Assigned task: The lines below, from the one containing "Gegenstandes | |" through the one containing "Aglncia da Alianga", should be set down exactly, with no pictures and nothing else.

Records for the exercise:

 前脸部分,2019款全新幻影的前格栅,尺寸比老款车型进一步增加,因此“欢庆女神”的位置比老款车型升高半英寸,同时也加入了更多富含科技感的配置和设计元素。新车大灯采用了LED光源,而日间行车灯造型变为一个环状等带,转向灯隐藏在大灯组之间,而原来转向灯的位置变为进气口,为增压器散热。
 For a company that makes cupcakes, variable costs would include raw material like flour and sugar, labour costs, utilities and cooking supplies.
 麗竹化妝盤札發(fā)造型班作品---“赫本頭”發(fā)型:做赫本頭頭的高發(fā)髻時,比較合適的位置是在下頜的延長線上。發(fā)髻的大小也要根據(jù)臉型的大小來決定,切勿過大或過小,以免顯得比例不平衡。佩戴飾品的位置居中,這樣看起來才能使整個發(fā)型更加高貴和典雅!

...

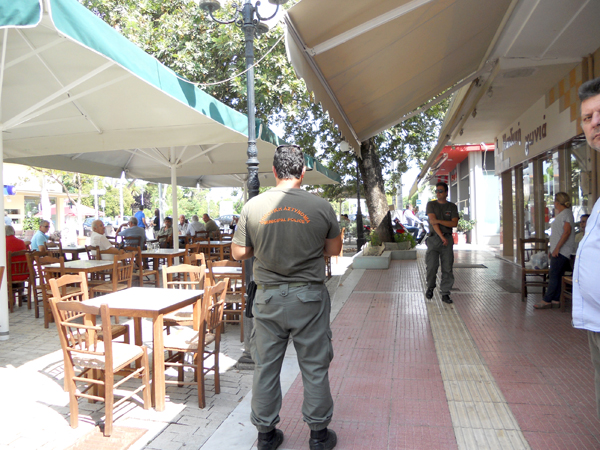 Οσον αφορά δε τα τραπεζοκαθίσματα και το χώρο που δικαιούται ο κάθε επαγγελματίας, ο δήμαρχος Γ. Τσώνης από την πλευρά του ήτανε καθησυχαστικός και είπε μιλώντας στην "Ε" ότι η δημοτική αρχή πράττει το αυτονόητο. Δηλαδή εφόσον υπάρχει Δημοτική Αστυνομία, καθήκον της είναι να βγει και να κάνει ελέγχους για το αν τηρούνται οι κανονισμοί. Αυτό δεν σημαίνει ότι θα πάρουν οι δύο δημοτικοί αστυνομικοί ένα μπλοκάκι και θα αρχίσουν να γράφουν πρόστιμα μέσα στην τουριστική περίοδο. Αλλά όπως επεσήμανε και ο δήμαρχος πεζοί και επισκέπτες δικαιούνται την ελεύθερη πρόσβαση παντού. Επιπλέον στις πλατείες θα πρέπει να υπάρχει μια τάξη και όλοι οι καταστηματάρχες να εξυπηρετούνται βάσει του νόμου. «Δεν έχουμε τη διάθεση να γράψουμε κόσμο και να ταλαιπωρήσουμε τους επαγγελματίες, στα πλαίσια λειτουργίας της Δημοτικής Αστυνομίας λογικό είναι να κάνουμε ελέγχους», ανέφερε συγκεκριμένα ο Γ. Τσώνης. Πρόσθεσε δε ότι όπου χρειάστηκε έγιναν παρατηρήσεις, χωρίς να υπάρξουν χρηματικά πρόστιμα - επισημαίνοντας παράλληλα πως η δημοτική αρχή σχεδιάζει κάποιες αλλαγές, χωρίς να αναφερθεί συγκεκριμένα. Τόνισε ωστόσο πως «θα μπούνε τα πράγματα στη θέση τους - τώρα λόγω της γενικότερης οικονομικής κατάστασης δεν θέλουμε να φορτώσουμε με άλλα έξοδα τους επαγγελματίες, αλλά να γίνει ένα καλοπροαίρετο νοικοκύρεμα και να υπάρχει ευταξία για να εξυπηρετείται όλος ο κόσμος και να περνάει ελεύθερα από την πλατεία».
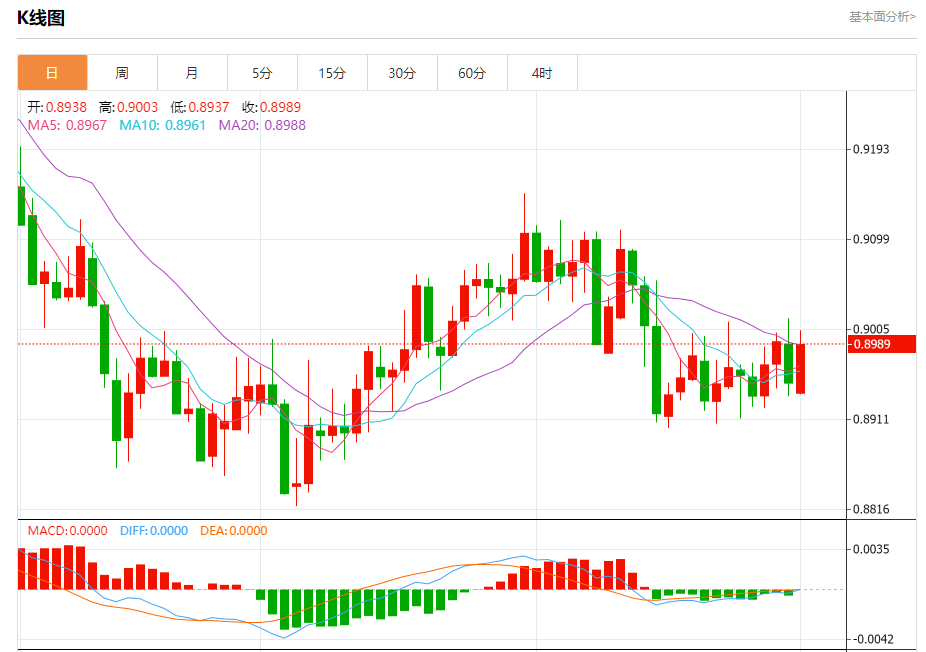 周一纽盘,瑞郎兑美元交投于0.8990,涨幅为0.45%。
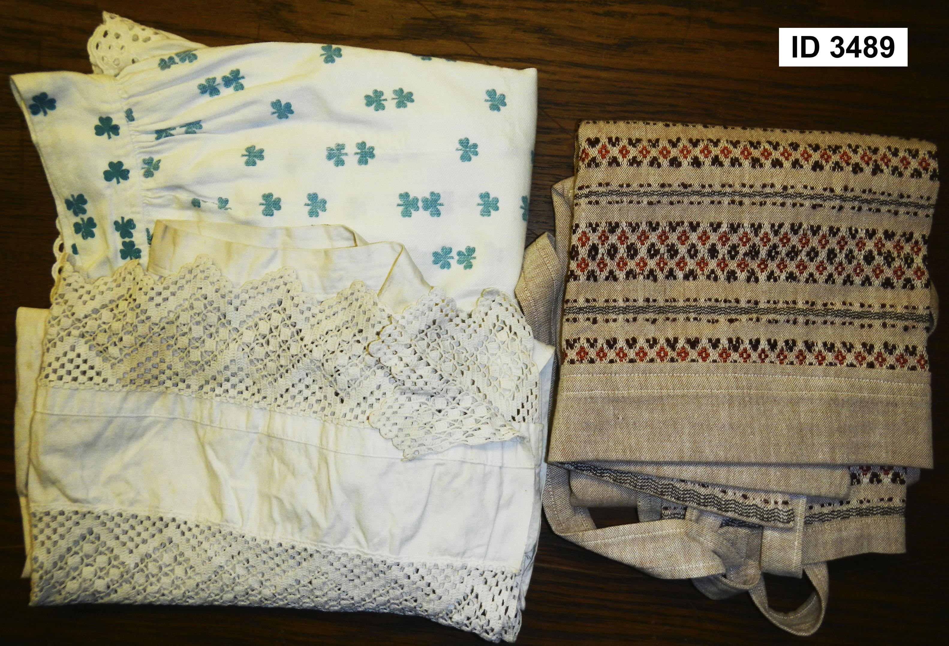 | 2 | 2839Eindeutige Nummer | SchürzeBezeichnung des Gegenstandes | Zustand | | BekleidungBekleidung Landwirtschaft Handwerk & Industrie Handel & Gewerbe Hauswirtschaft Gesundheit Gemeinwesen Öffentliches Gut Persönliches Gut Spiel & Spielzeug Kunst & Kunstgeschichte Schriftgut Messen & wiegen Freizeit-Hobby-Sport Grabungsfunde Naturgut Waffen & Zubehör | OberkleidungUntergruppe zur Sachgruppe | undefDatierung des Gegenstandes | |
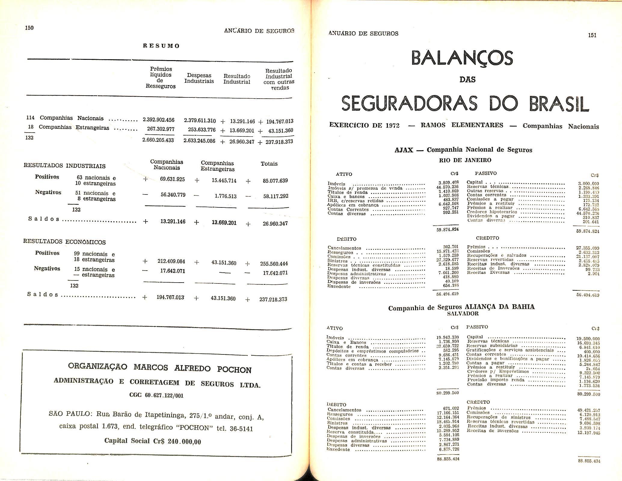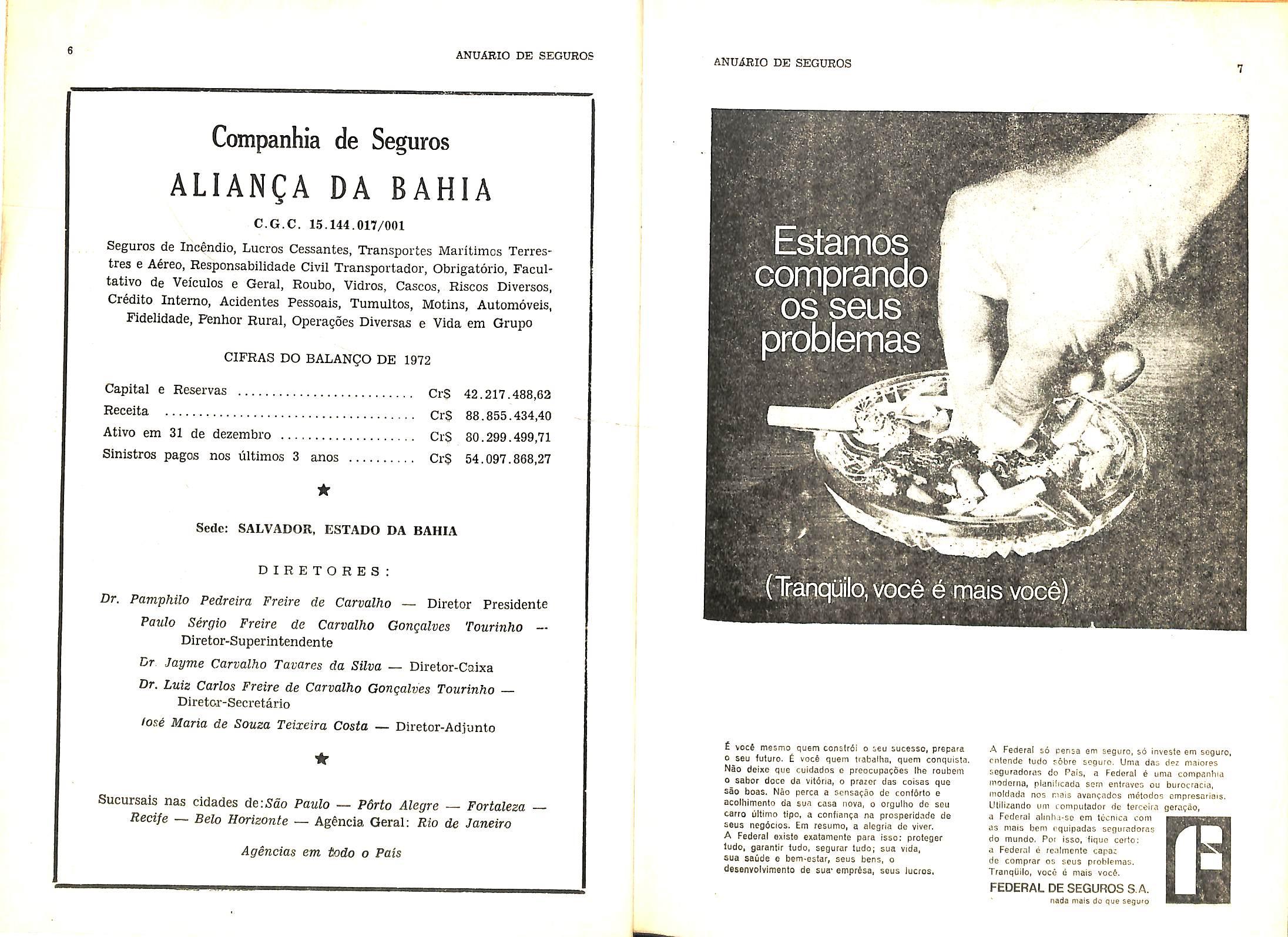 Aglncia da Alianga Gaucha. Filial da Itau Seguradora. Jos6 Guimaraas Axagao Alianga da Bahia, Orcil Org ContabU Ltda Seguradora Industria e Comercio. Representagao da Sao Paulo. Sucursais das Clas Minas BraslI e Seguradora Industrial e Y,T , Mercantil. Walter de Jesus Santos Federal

Answer to this task:
 | 2 | 2839Eindeutige Nummer | SchürzeBezeichnung des Gegenstandes | Zustand | | BekleidungBekleidung Landwirtschaft Handwerk & Industrie Handel & Gewerbe Hauswirtschaft Gesundheit Gemeinwesen Öffentliches Gut Persönliches Gut Spiel & Spielzeug Kunst & Kunstgeschichte Schriftgut Messen & wiegen Freizeit-Hobby-Sport Grabungsfunde Naturgut Waffen & Zubehör | OberkleidungUntergruppe zur Sachgruppe | undefDatierung des Gegenstandes | |
 Aglncia da Alianga Gaucha. Filial da Itau Seguradora. Jos6 Guimaraas Axagao Alianga da Bahia, Orcil Org ContabU Ltda Seguradora Industria e Comercio. Representagao da Sao Paulo. Sucursais das Clas Minas BraslI e Seguradora Industrial e Y,T , Mercantil. Walter de Jesus Santos Federal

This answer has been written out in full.